# [Exercise directions]
Apart from the pictures, reproduce the data below exactly as it stands.
···
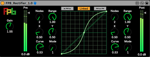 The Fingers Push Buttons, Max for Live device, Rectifier takes incoming signal in frames and passes them through a conversion table in real time to create rectified signals. The most common use of this kind of tool is to create overdriven/distorted versions of the input signal but it has wider applications too.
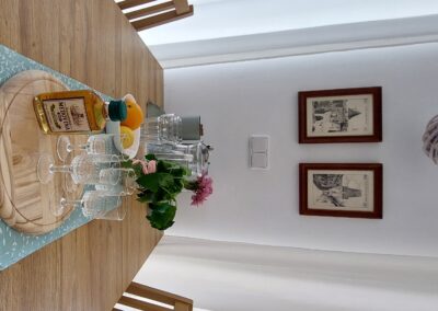 Do jednotlivých apartmánů se vchází společnou chodbičkou s lehkou policí na odkládání bot, kterou je možné přesunout do pronajatého apartmá.
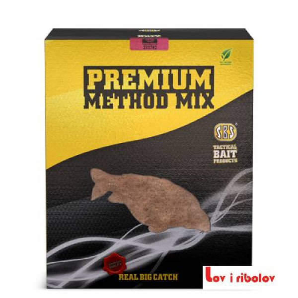 SBS Premium Method Mix 1kg Kao u svakoj kategoriji Premium označava najbolje.Osnovna razlika izmedju Nitro i Premium je u njihovom sastavu.Premium Mthod Mix je složeniji, ima više aditiva i stimulatora od Nitro.Premium se sporije rastvara u vodi i duže će zadržati ribu.Vredi ga mešati sa prepolovljenim i celim boilima kao i sa peletama.U toj kombinaciji i uz korišćenje premium M1 Groundbait mixera postaje nenadmašan za privlačenje ribe i duže zadržavanje na spotu.
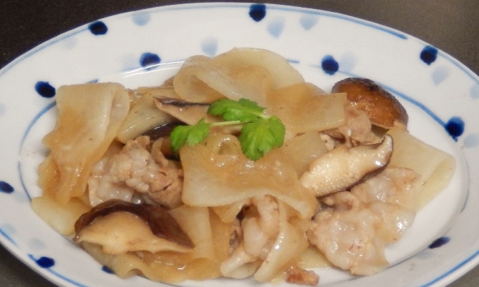 最近ハマっているのは、薄切りにした大根とキノコと豚肉の炒め物。
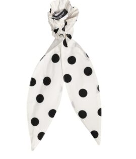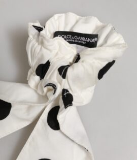 Dolce & Gabbana Scrunchie White Cotton Polka Dot Scarf Tie Accessory Hair
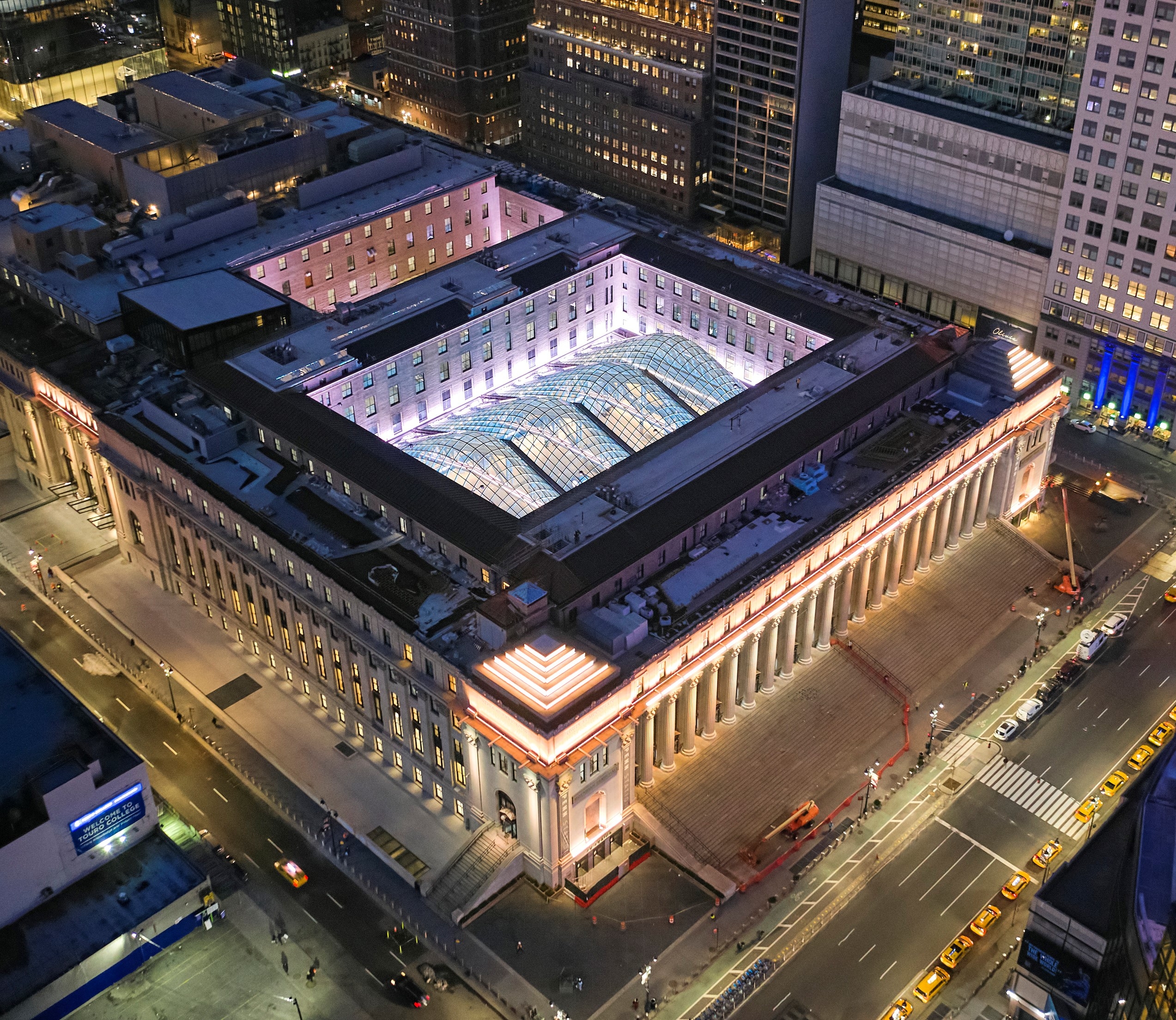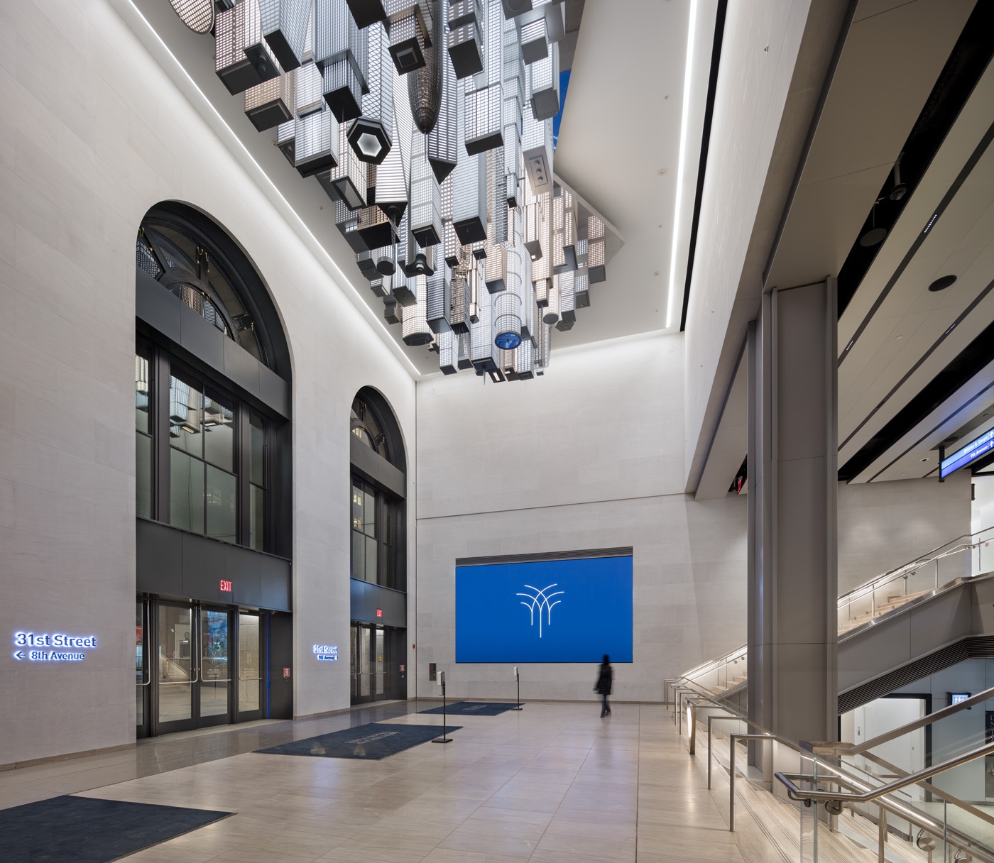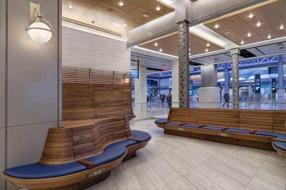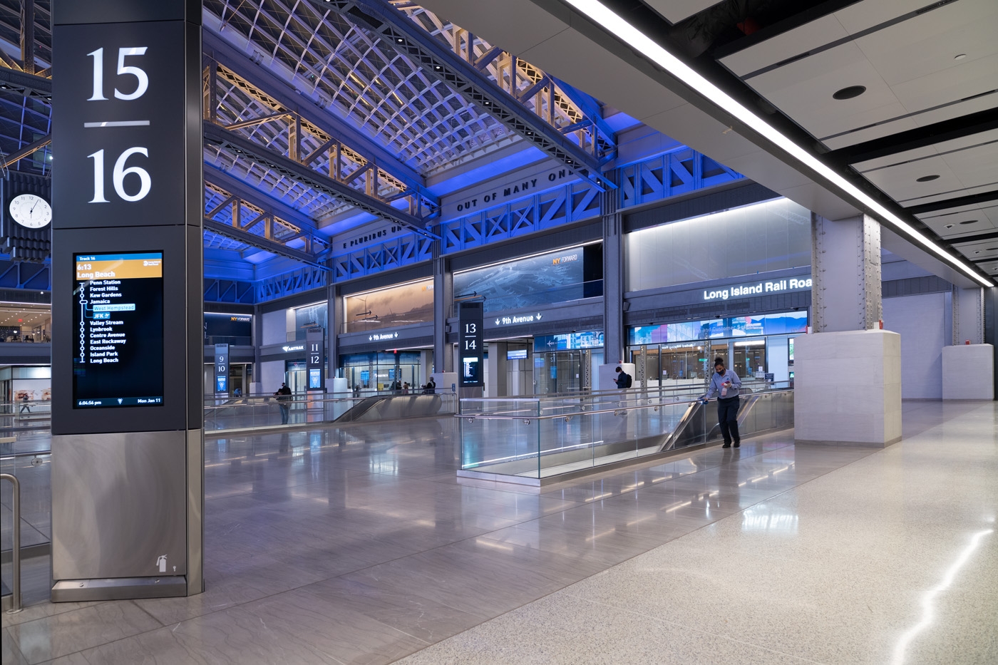 Entry DescriptionFrom darkness into light: this former postal facility, shrouded since WWII, beckons travelers into spacious daylit volumes and where, at night, color comes out to play. Seven years’ effort on the designers’ part and extensive coordination with stakeholders result in a design that adapts seamlessly to the significant presence of natural light and transforms the great hall to nighttime vibrancy. Daylighting studies identified the potential for extreme contrast between the skylit halls and adjacent low-ceilinged spaces. Consequently a lighting control system was specified to automatically minimize luminance ratios. Linear lighting frames the skylights and continuously adapts to the intensity and color temperature of natural light, supporting circadian rhythms. During the day the station’s airy elegance is evident; at night the lighting artistry reveals itself. Systems of truss-mounted RGBW uplights work in concert with façade washing to articulate structure while maintaining visual transparency to the sky beyond. Subtle as daylight fades, bold colors celebrate the trusses and purlins. Scenes are orchestrated to mark holidays or local events: art and function in perfect balance.
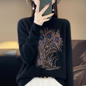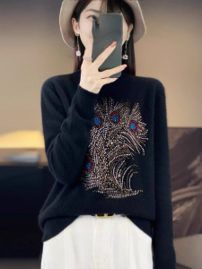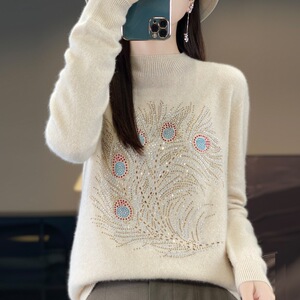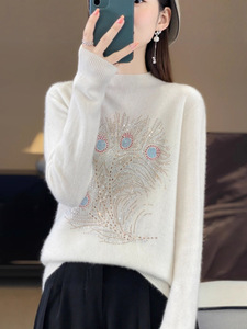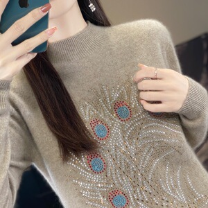 2025秋冬新款半高领Y毛衫羽毛烫钻女纯色内搭亲肤柔软打底衫7319
···
# [Task answer]
 The Fingers Push Buttons, Max for Live device, Rectifier takes incoming signal in frames and passes them through a conversion table in real time to create rectified signals. The most common use of this kind of tool is to create overdriven/distorted versions of the input signal but it has wider applications too.
 Do jednotlivých apartmánů se vchází společnou chodbičkou s lehkou policí na odkládání bot, kterou je možné přesunout do pronajatého apartmá.
 SBS Premium Method Mix 1kg Kao u svakoj kategoriji Premium označava najbolje.Osnovna razlika izmedju Nitro i Premium je u njihovom sastavu.Premium Mthod Mix je složeniji, ima više aditiva i stimulatora od Nitro.Premium se sporije rastvara u vodi i duže će zadržati ribu.Vredi ga mešati sa prepolovljenim i celim boilima kao i sa peletama.U toj kombinaciji i uz korišćenje premium M1 Groundbait mixera postaje nenadmašan za privlačenje ribe i duže zadržavanje na spotu.
 最近ハマっているのは、薄切りにした大根とキノコと豚肉の炒め物。
 Dolce & Gabbana Scrunchie White Cotton Polka Dot Scarf Tie Accessory Hair
 Entry DescriptionFrom darkness into light: this former postal facility, shrouded since WWII, beckons travelers into spacious daylit volumes and where, at night, color comes out to play. Seven years’ effort on the designers’ part and extensive coordination with stakeholders result in a design that adapts seamlessly to the significant presence of natural light and transforms the great hall to nighttime vibrancy. Daylighting studies identified the potential for extreme contrast between the skylit halls and adjacent low-ceilinged spaces. Consequently a lighting control system was specified to automatically minimize luminance ratios. Linear lighting frames the skylights and continuously adapts to the intensity and color temperature of natural light, supporting circadian rhythms. During the day the station’s airy elegance is evident; at night the lighting artistry reveals itself. Systems of truss-mounted RGBW uplights work in concert with façade washing to articulate structure while maintaining visual transparency to the sky beyond. Subtle as daylight fades, bold colors celebrate the trusses and purlins. Scenes are orchestrated to mark holidays or local events: art and function in perfect balance.
 2025秋冬新款半高领Y毛衫羽毛烫钻女纯色内搭亲肤柔软打底衫7319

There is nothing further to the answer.